Lagos, Nigeria – The Central Bank of Nigeria (CBN) has continued to restrict Bureau De Change (BDC) operators from fully accessing the official foreign exchange market, citing concerns over compliance and past irregularities, forex traders said on Tuesday.
According to industry sources, the apex bank’s cautious approach is largely driven by perceived risks around anti-money laundering (AML) and counter-terrorism financing (CTF) compliance within the sector.
A senior official of the Association of Bureau De Change Operators of Nigeria (ABCON) explained that regulators still view the BDC segment as high-risk. This perception, the official said, has led the CBN to favour tighter control through fewer channels, with a strong preference for bank-led foreign exchange transactions.
Another licensed forex trader, Umar Barkinzuwo, noted that authorities remain wary due to past market abuses and concerns about effective oversight. He said the CBN prefers routing forex through the banking system, where monitoring is more centralized and easier to enforce.
He added that issues such as arbitrage and round-tripping continue to influence the regulator’s reluctance to fully reintegrate BDCs into the official market.
Market participants argue that sidelining BDCs reduces liquidity at the retail level and keeps pressure on the parallel market. Calls for their inclusion have grown louder since the unification of Nigeria’s foreign exchange system in June 2023.

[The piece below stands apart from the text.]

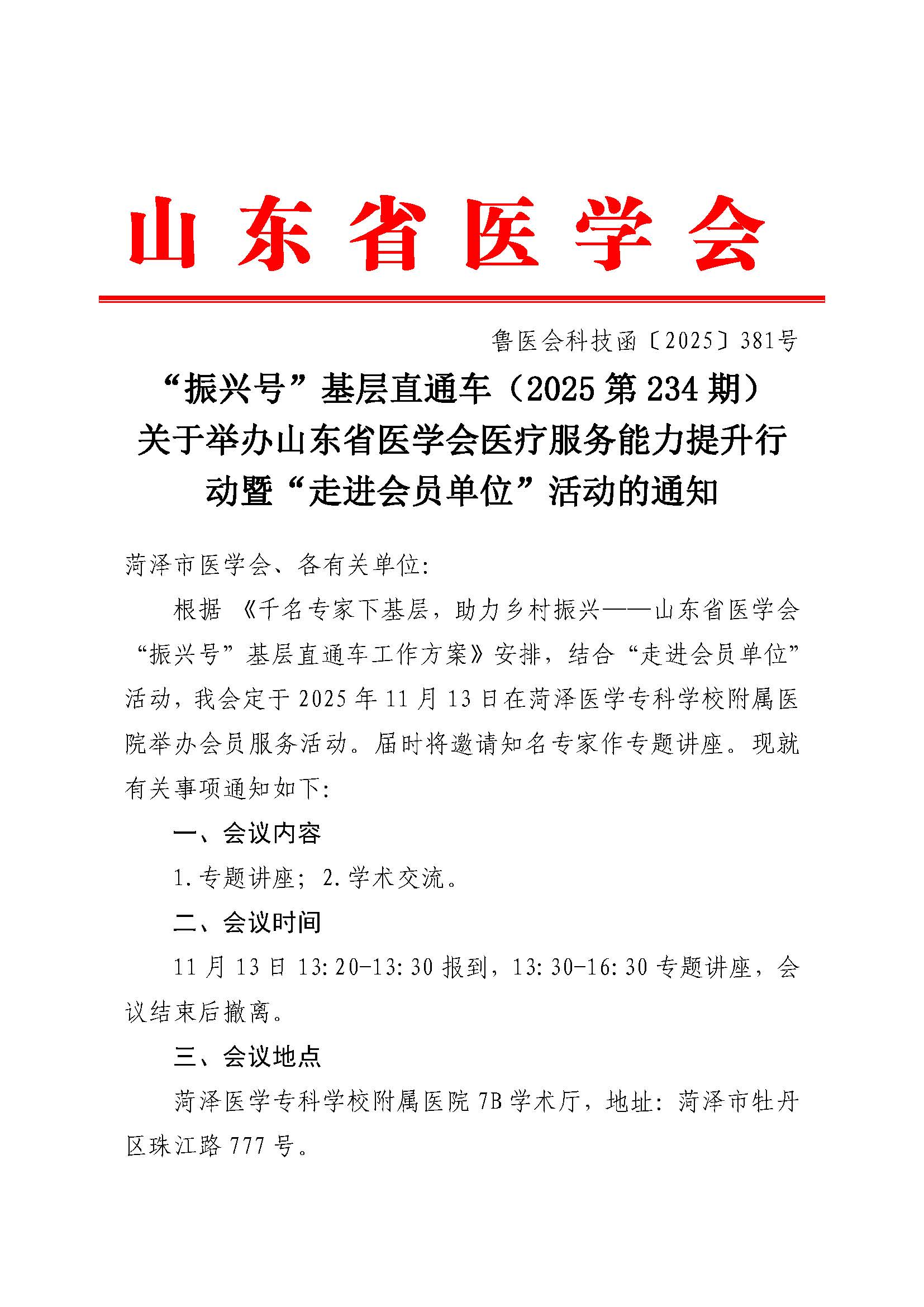 “振兴号”基层直通车(2025第234期)关于举办山东省医学会医疗服务能力提升行动暨“走进会员单位”活动的通知

The CBN had stopped selling forex to BDCs in July 2021, accusing operators of enabling illicit financial flows. Although sales briefly resumed in February 2024 following the revocation of over 4,000 licences, the arrangement was later halted again.
In February 2026, the bank introduced a limited window allowing BDCs to access up to $150,000 weekly. However, operators say actual access remains heavily restricted.